1304
Petrarch is born in Arezzo
Francesco Petrarca arrived in the world of exile, his notary father banished with the Whites from Florence. He would grow into the first modern man of letters, climbing Mont Ventoux for the view, coining 'Dark Ages,' hunting lost Ciceros in monastery cupboards, inventing a personal humanism in Latin and composing the sonnets to Laura that would reshape European lyric poetry.
Ilkhan Öljaitü converts to Shia Islam
The Mongol ruler of Persia, baptized a Christian and once a Buddhist, declared himself a Shia Muslim and struck coins bearing the names of the Twelve Imams. He also commissioned a magnificent mausoleum at Sultaniyya whose soaring dome remains one of the largest brick vaults ever built. His conversion shifted the religious landscape of Iran and foreshadowed the Safavid establishment of Shiism as state faith.
Giotto summoned to paint at Assisi
The Florentine master labored in the upper basilica of San Francesco, rendering the life of Saint Francis in plaster and pigment. His figures breathed with a new naturalism - weight, grief, and tenderness rendered as no painter before him had managed - that would scandalize conservatives and electrify apprentices. The frescoes made Assisi a pilgrimage not just for the devout but for painters.

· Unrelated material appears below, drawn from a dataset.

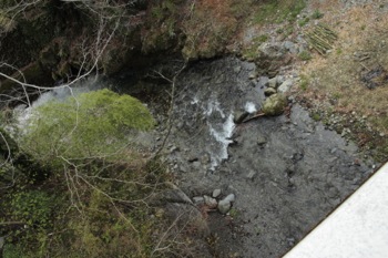 しばらくアスファルトの道を行くと、左手に頼りなさそうな橋が見えてきます。

Edward I captures Stirling Castle
After twelve weeks under Edward's siege engines, including the monstrous 'Warwolf' trebuchet - the largest ever built in the British Isles - Stirling surrendered. The Hammer of the Scots made the garrison wait outside the gate until he had finished watching his machine knock a wall down. The conquest looked complete. It was not.